Он испугался, – хилый недомерок, полысевший, рябой такой.

– Одевайся, – велел я. – Разговор есть. Минут на пару.

Затравленно озирающегося, я свел его с крыльца в снег, к заборчику, треснул и, подняв под бедра (легонького, не больше шестидесяти), свалил на ту сторону.

Он поднялся не отряхиваясь. И было не смешно. Но и жалко мне не было. Происходящее воспринималось как бы понарошке. Я знал, что все объясню, и мы посмеемся.

– Не трусь, – ободрил я. – Лезь обратно.

И повторил номер.

Войдя в нечаянный азарт, я довесил ему, пассивно сопротивлявшемуся, напоследок и принялся очищать от снега. Он подавленно поворачивался, случаясь.

– А теперь выпивать будем, – объявил я. – Зови в гости.

Он отдыхал один дома (работал машинистом тепловоза) – жена на работе, дети в школе.

– А помнишь, Василь, – со вкусом начал я, когда мы разделись и сели в кухне, за застеленный клеенкой стол напротив плиты, где грелась большая кастрюля, – помнишь, как во втором классе одному дал?

Под нагромождением подробностей, с ошеломленным и ясным лицом, он вскочил и уставился:

– Дак што?.. Ты-ы?!

Я выставил водку. Мы выпили за встречу. Я, уже привычно, объяснился зачем пожаловал. Он смотрел с огромным уважением и не верил:

– Для этого за столько приехал?

Разговор пошел – о чем еще?.. – о судьбах школьных знакомых…

– А ты где работаешь?

– Пишу.

– В газете?

– Да не совсем. Книги.

– Писатель? – осмысливающе переспросил Василь.

– Так.

– Писатель, – он даже на стуле подобрался. – А… что написал? Я читал?

– Э… Вряд ли. – Я назвал свои книги.

Он подтвердил с сожалением.

– Обязательно в библиотеке спрошу, – пообещал он, и было ясно, что да, действительно спросит, и даже, возможно, найдет и прочтет, и будет рассказывать всем знакомым, что этот писатель – Рыжий, Тишка из 2-го "Б", которому он когда-то набил морду, а теперь Тишка приехал и ему набил, вот дела, и поставил выпить.

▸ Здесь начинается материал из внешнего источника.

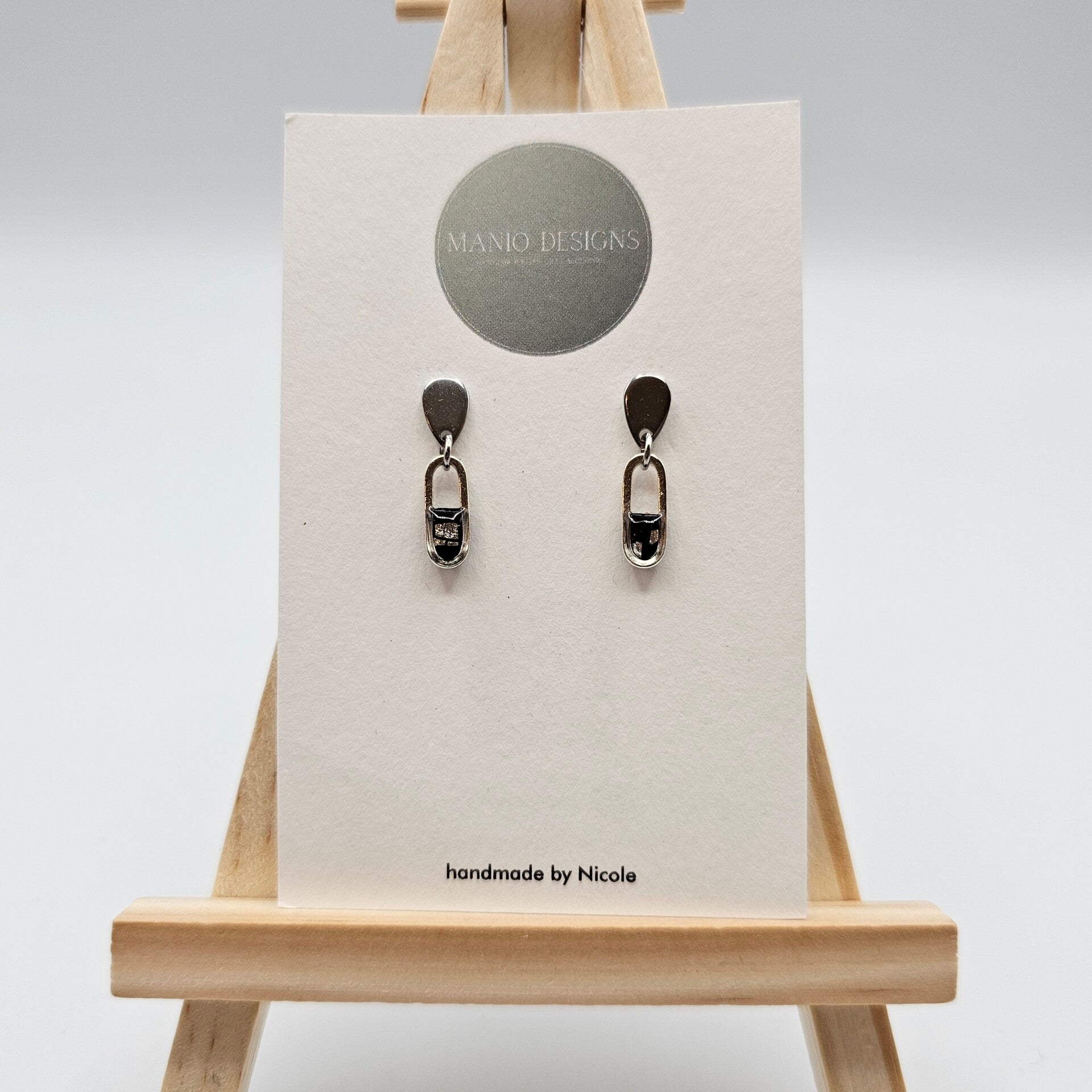 Ovale Ohrringe Schwarz/Silber mit Tropfenohrstecker.

Суетясь на месте, Василь уговаривал дождаться семьи, пообедать, погостить; приятно и ненужно…

Я оставил ему адрес. Он кручинился: семья, работа… я понимал прекрасно, что он ко мне не заглянет, да и говорить нам будет не о чем, а принимать на постой его семейство мне не с руки, – но, отмякший сейчас и легкий, приглашал я его в общем искренне.

12

Подобных должков еще пара числилась. И первый из кредиторов, надо сказать, обработал меня самым лучшим образом. Крепкий оказался мужик.

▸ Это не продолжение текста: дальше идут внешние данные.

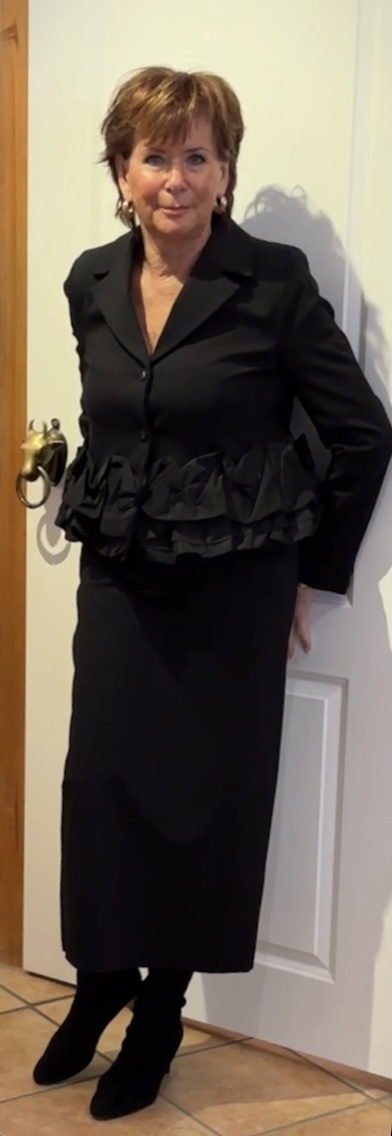 Das kurze Bolero–Jacke mit aufwendig gearbeiteten Rüschen am Saum trifft auf einen klassisch schmal geschnittenen Rock mit dezentem Rückenschlitz.

Потом за примочками мне в аптеку бегал и сокрушался. Последующее время мы провели не без удовольствия, он ахал, восхищался моей памятью, очень одобрял точку зрения на долги и все предлагал мне дать ему по морде, а он не будет защищаться; профессия моя ему почтения не внушала, это слегка задевало, но и увеличивало симпатию к нему.

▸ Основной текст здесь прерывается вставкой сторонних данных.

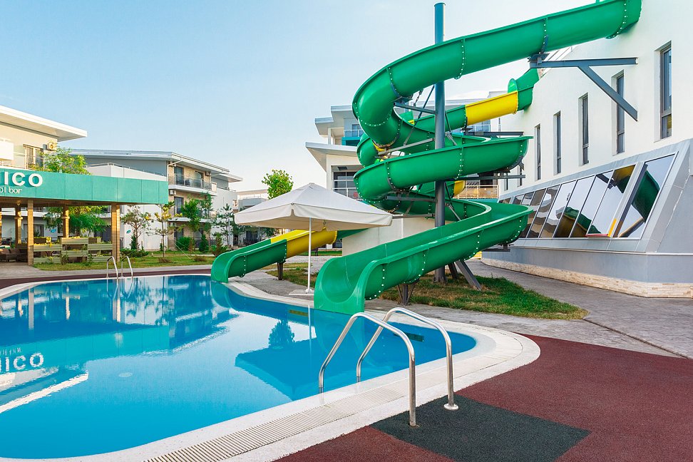 Открытый бассейн с двумя аквагорками для гостей старше 12 лет;

Я честно сделал все возможное и ощущал долг отданным; он уверял меня в том же, посмеиваясь.

Мы расстались дружески, по-мужски, – без пустых обещаний встреч.

С другим обстояло сложнее. Круче.

Он увел у меня девушку. Такой больше не было. Он увел ее и бросил, но ко мне она не вернулась. Рослый и уверенный, баловень удачи, – чихать он на меня хотел.

Ночами я клялся заставить его ползать на коленях: типическое юное бессилие.

Расчет распадался, – разве только он теперь одряб и опустился. Но вопрос стоял неогибаемо: сейчас или никогда.

Он пребывал в Куйбышеве. Он был главным инженером химкомбината. Он процветал. Я оценил его издали, и костяшки моих шансов с треском слетели со счетом.

Восемь гостиничных ночей я лежал в бессоннице, а днями обрывал автоматы, уясняя его распорядок. Из гостиницы я не звонил, опасаясь встречной справки. Утром и вечером я припоминал перед зеркалом все, что пятнадцать лет назад на тренировках вбивал в нас до костного хруста знакомый майор, инструктор рукопашного боя морской пехоты.

Я пошел на девятый день. Я знал, что он один. Я переждал на лестничной площадке, ставя на внезапность, скрепляя на фундаменте своей боязни недолговечную постройку наглости. Я не звонил – я постучал в дверь, угрожающе и властно.

Он отворил не спрашивая – в фирменных джинсах, заматеревший, громоздкий.

– Ну вот и все, Гена, – сказала ему судьба моим голосом, и я шагнул, бледнея, в нереальность расплаты.

И знаете – тут он струхнул. Он отступил с застрявшим вздохом, от неожиданности каждая часть его лица и тела обезволилась по отдельности, это был мой момент, и я обрел действительность в сознании, что не упущу этот момент и выиграю.

Я ударил его по уху и в челюсть, без всякой правильности, рефлекс мальчишеских драк – ошеломить, и знал уже, что он не ответит, и он не ответил, он закрылся, согнувшись, и инструкторский голос рявкнул из меня, окрыленного: «На колени!», и я дал ему леща по затылку…

…и он опустился как миленький. И сказал: «Не надо…»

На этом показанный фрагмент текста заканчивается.